Реваз Цинцадзе: В первом письме я затронул вопросы экономики, свободы прессы, демократии, внешней политики и партийного устройства – все буквально было в этом письме.

Дэмис Поландов: А почему у вас возникли эти вопросы?

Реваз Цинцадзе: Потому что я вначале был под влиянием советской пропаганды и верил, что у нас все хорошо, а на Западе все плохо. Однако когда я постепенно углубился в жизнь, знакомился с другими предприятиями (между прочим, определенную роль сыграло то, что я слушал Радио Свободу, «Голос Америки» и Би-би-си), и когда наши говорили, что вот это все хорошо, они говорили, что это все плохо. В таком случае человек задумывается: кто действительно прав? Я любил все наше, советское – я так был воспитан, потому что антипропаганды не было, я верил этой пропаганде. Когда я убедился в обратном, мне стало очень грустно.

Дэмис Поландов: А как вы могли убедиться, что это все неправда? Неужели достаточно было послушать Радио Свободу?

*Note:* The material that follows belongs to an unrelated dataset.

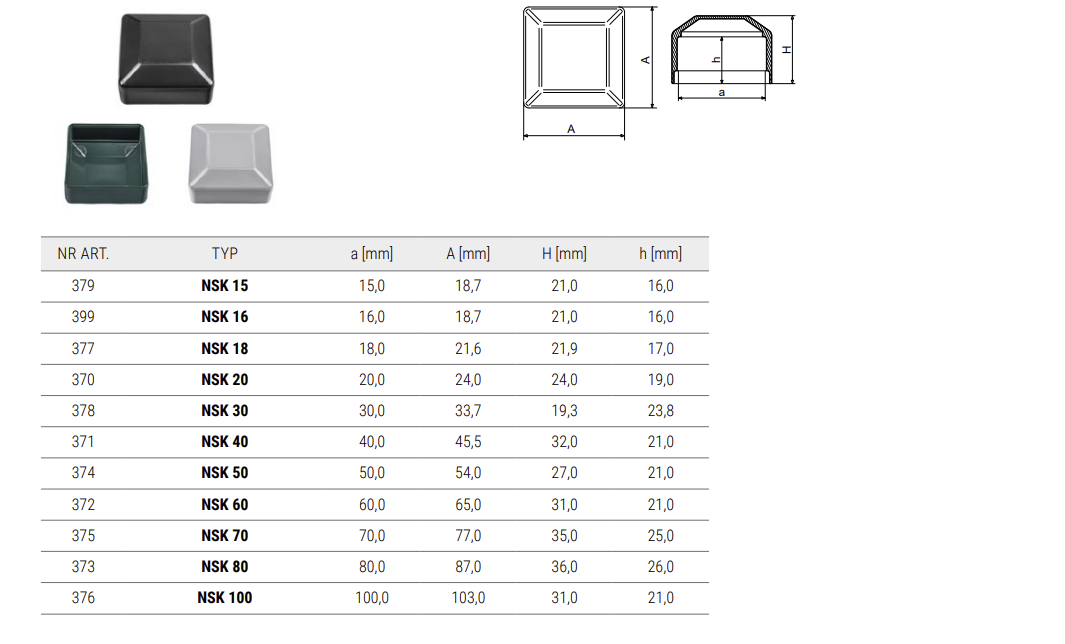 For example: external diameter (outside size) of tube 60x60mm then size of plugs=60x60mm

Реваз Цинцадзе: Нет. Во-первых, я учился в университете, и нам во всех учебниках говорили, что социалистическая система имеет преимущества перед капитализмом, что у нас лучшая организация труда, и если есть какие-то недостатки, то мы развиваемся такими темпами, что вскоре оставим позади Соединенные Штаты и т.д. Я верил во все это, но когда начал работать на заводе, то увидел, что не годятся ни организация труда, ни снабжение, ни качество продукции – столько минусов, что можно было сойти с ума. Я думал, что такое, наверное, творится на нашем заводе, а у других – порядок. Потом, когда я посетил предприятия в Киеве, Одессе и других городах, то увидел одни и те же проблемы: снабжение нулевое, организация труда не годится, вместо необходимых 500 человек, работает тысяча, и говорили, что у нас нет безработицы. Конечно, если вместо 500 человек поставить тысячу, то это не ликвидация безработицы, а липа. Я убедился в том, что наша система не годится, когда в составе грузинской делегации поехал в ФРГ, где мы осмотрели ряд заводов, и я ахнул от удивления – какой там идеальный порядок, система работает как часы.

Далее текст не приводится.